Governor checks Phuket Airport’s MERS control efforts
PHUKET: Island officials gave Phuket International Airport’s MERS prevention efforts a check-up on Friday to ensure the airport was able to identify passengers from South Korea and the Middle East who may be carrying the Middle East Respiratory Syndrome-Coronavirus (Mers-CoV).
No passengers from these risk countries have been suspected of carrying MERS, said Phuket Provincial Health Organization (PPHO) Chief Kajohnsak Kaewjarus.
The visit followed an order from the Ministry of Public Health in Bangkok last week to ramp up efforts to be on alert for the virus (story here).

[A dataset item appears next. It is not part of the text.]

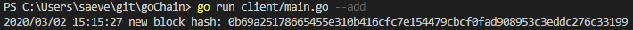 Running --add will create a new block

Six airlines flying into Phuket currently have flights departing from South Korea and the Middle East.
“We want all staff at the airport and from these airlines to be on high alert for MERS and check all passengers to ensure that the virus does not spread here,” said Governor Nisit Jansomwong.
Infrared thermal scans are being used to check the temperature of risk-country passengers entering Phuket.
“Every traveller arriving from these destinations is being checked by the Disease Control Center at Phuket Airport,” confirmed Dr Kajohnsak.
“There is nothing to worry about. If we find a possible case of MERS, we have well-trained doctors in all of the island’s eight hospitals who are well prepared to handle such a situation.”
The PPHO first rolled out its MERS protocol in July 2013. It included isolation procedures and patient tracking, in case a person was positively identified with symptoms of MERS (Special Report here).
More than 100 cases of MERS have already been identified in South Korea. The outbreak killed nine people, reported The Nation. It began last month when a 68-year-old South Korean businessman brought the disease back from a trip to the Middle East (story here).